I do it because I never really grew up. I've been living the "responsible" life for too long, and need a creative outlet to be sane. 

Plus, I crave community involvement. We all have our 8ft privacy fences and have no clue who our neighbors are these days. On Halloween, people let their guard down and actually visit their neighbors. I meet and visit with more people in the neighborhood than at any other time of the year. It's great.

And the best part is when the kids get so excited that their joy and energy push you to do more and more and more to keep the magic happening. That's when you realize you really affected someone. You made a memory. A vivid memory they will have forever. So, 20 years from now they will be right here talking about the same thing and remembering that "one house" in the neighborhood. 

Great stuff!


----------



## jdubbya (Nov 6, 2005)

Jaybo said:


> And the best part is when the kids get so excited that their joy and energy push you to do more and more and more to keep the magic happening.
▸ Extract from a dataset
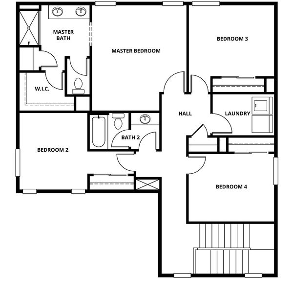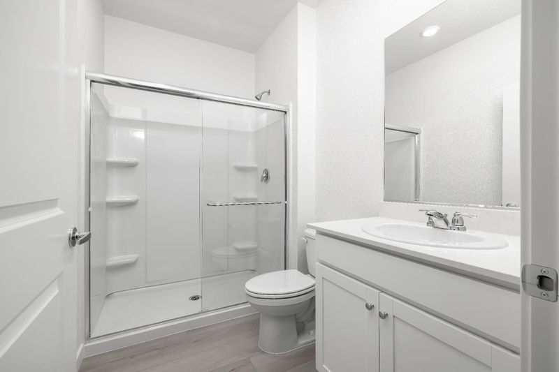 The Stinson floorplan masterfully blends space and convenience across its two stories, featuring five bedrooms and thoughtfully designed living areas. On the first floor, the heart of the home unfolds with an open layout that seamlessly integrates the kitchen, family room, and dining area, creating an ideal space for gatherings and daily living. The kitchen boasts a spacious walk-in pantry, perfect for keeping essentials within reach, and a full bathroom near the fifth bedroom adds versatility and ease. This downstairs bedroom can serve as a guest suite or a private office. The second floor is dedicated to four additional bedrooms, including a generous master suite that offers a retreat-like atmosphere. The master bath is elegantly appointed with a dual sink vanity and a step-in shower, enhancing the sense of luxury. A large laundry room adds to the home's functionality, while the secondary bathroom is well-equipped with a sizable vanity and a convenient tub/shower combination, accommodating the needs of the whole household.
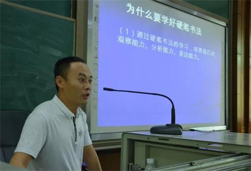 講座上,劉翼軍先講授了學好硬筆書法的重要性,分類展示了一批硬筆書法作品,闡述了“寫得好的字到底有多好”的問題。然后重點講授了學好硬筆書法的方法:要通過選帖、讀帖、臨帖來臨摹,從楷書到行書的循序漸進,從橫、豎、撇、捺、點、提、鉤、橫折與橫折鉤等的基本筆畫開始練寫,在書寫時,要注意多觀察、多臨摹,掌握字的間架結構;要做到持之以恒,不斷優化,要堅持練習,形成良好的書寫習慣,日積月累之后,練成一手好字,書寫漂亮人生。

That's when you realize you really affected someone. You made a memory. A vivid memory they will have forever. So, 20 years from now they will be right here talking about the same thing and remembering that "one house" in the neighborhood.
> 
> Great stuff!


^^This^^
Mrs. dubs and I have always said that some day in the future, there will be a lot of young adults with kids of their own, telling them about this one house they used to TOT at that was just awesome! Hoping our efforts inspire a new generation of haunters to keep Hallowen alive for many years to come. We have heard the comment from various visitors to our house on Halloween that they want their house to be like this someday. As last year was going to be the final year for our walkthrough haunt, we made mention of this to many of the guests. I was really touched by how many of them, who had been coming for years, were really dismayed to hear of our plans t scale back. so many of them said stuff like "you can't stop doing this! We look fiorward to coming here every year" or "this is our must stop house on Halloween. Hope you keep it going". Things like this make all the work worthwhile, and wil keep us going for a few more years. Even now, as the weather breaks and I'm out i nthe garage surrounded by cemetery fence, columns, wall panels, tombstones, pvc armatures, etc.. I start thinking ahead to this Halloween and what we'll do to make it different and fun for everyone.


----------